The U.S. House of Representatives unanimously voted on May 25 to approve Fr. Patrick J. Conroy, S.J., as the next House chaplain.
“Father Pat Conroy comes with a healthy respect for what we do,” said House Minority Leader Nancy Pelosi (D – Calif.), The Hill reports. “It is a beautiful honor steeped in history — deeply personal, free of politics — and we wish him every success in that job.”
He will be the 60th House chaplain, but only the second Catholic priest to serve in that role.
Fr. Conroy told Religion News Service that a chaplain’s role is more like “a counselor” than a pastor.
“As chaplain, I won't be responsible for the religious life of the people working on Capitol Hill, how they practice their faith in their respective congregations,” he said.
Asked whether he would pray “in the name of Jesus,” he responded:
“I never pray in the name of Jesus -- except when I'm doing something Catholic -- saying Mass, for example.”
The priest also discussed how he was interviewed for the position and had to discuss whether there was anything in his past that might become an embarrassment to House Speaker John Boehner, who nominated him. As a member of the Jesuits’ Oregon Province, which has faced major lawsuits for some members’ sexual abuse, Fr.

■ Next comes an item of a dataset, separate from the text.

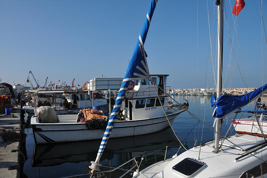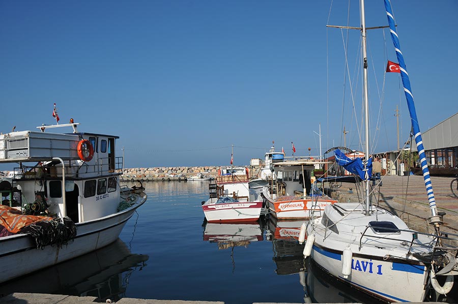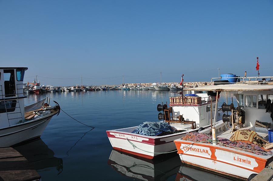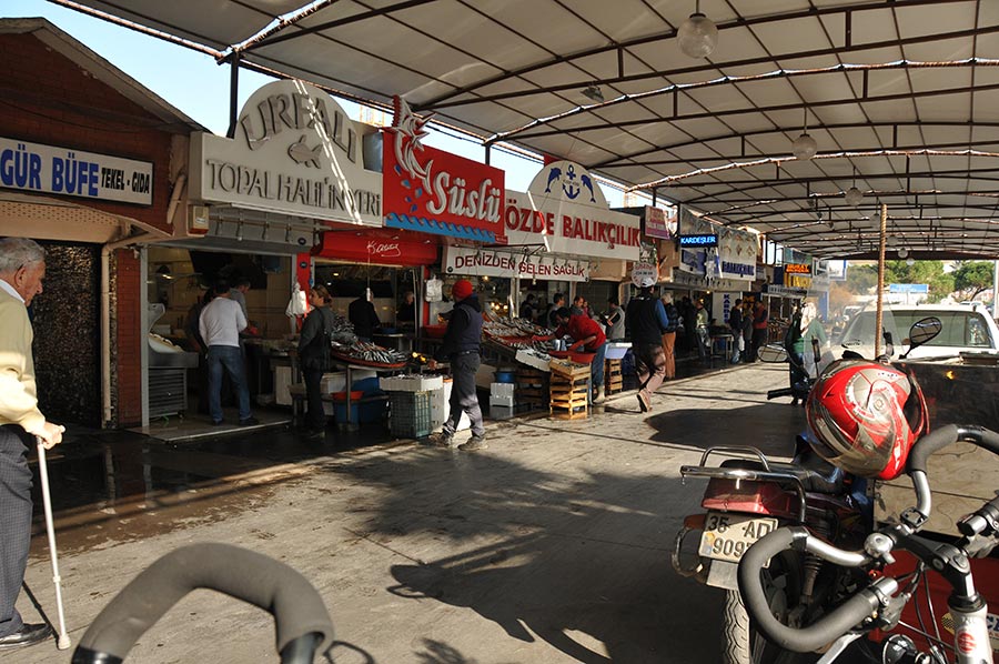 On the way we came across an interesting fish market that, in cooperation with local restaurants, offers a typical Turkish service that is also available elsewhere on the Turkish Aegean: At the fishmonger of your choice, you name the restaurant you have chosen, select the seafood you want from the market stall that suits your taste and tell the staff your restaurant of choice. The fish is delivered to the restaurant, cleaned there and gutted, filleted, grilled or prepared and served according to your choice of preparation. A service that guarantees everyone involved that the fresh fish you have chosen will actually be served.

Conroy told congressional staffers that his name might turn up in court documents.
He also discussed a 1986 letter he wrote to an archbishop about a young man who said a priest had propositioned him.

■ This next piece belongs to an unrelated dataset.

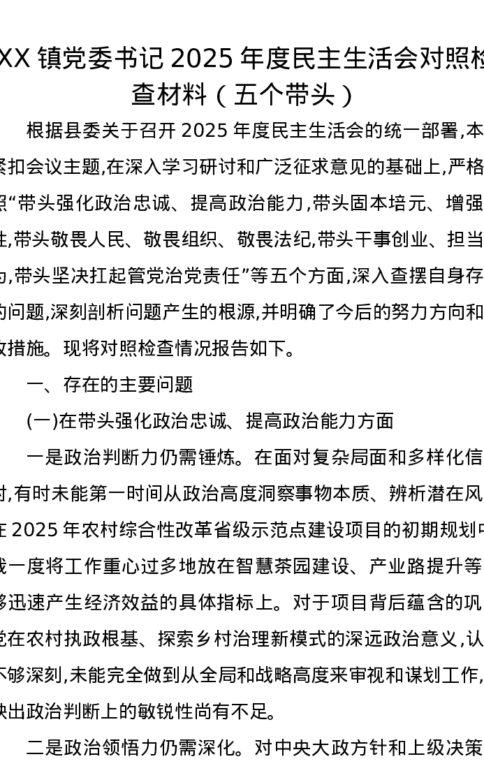 XX镇党委书记2025年度xxxxx对照检查材料(五个带头)

“I didn't hear back from the archbishop. There was no crime committed. I did what I was supposed to do, but the letter did come out later,” he told Religion News Service.
Defenders of Fr. Conroy’s appointment had criticized questions about the priest’s membership in the Oregon Province as an attempt to tar the priest with “guilt by association.”
Ordained in 1983, Fr. Conroy has served as a parish priest in his native Washington state and served the people of the Colville Indian Reservation and the Spokane Indian Reservation. He was chaplain at Georgetown University from 1990 to 1994 and from 1997 to 2003. Between those periods, he served as chaplain at Seattle University.
At present he teaches at Jesuit High school in Portland, Ore.
Catholic priest Fr. Daniel Coughlin, the previous House chaplain, retired in April to widespread praise.
The House chaplain position dates back to 1789, when the Continental Congress began a tradition of having the day’s proceedings open with a prayer.
The chaplain’s present duties include leading the daily prayer, providing counseling and pastoral services, coordinating the scheduling of guest chaplains and helping to arrange memorial services for House members and staff.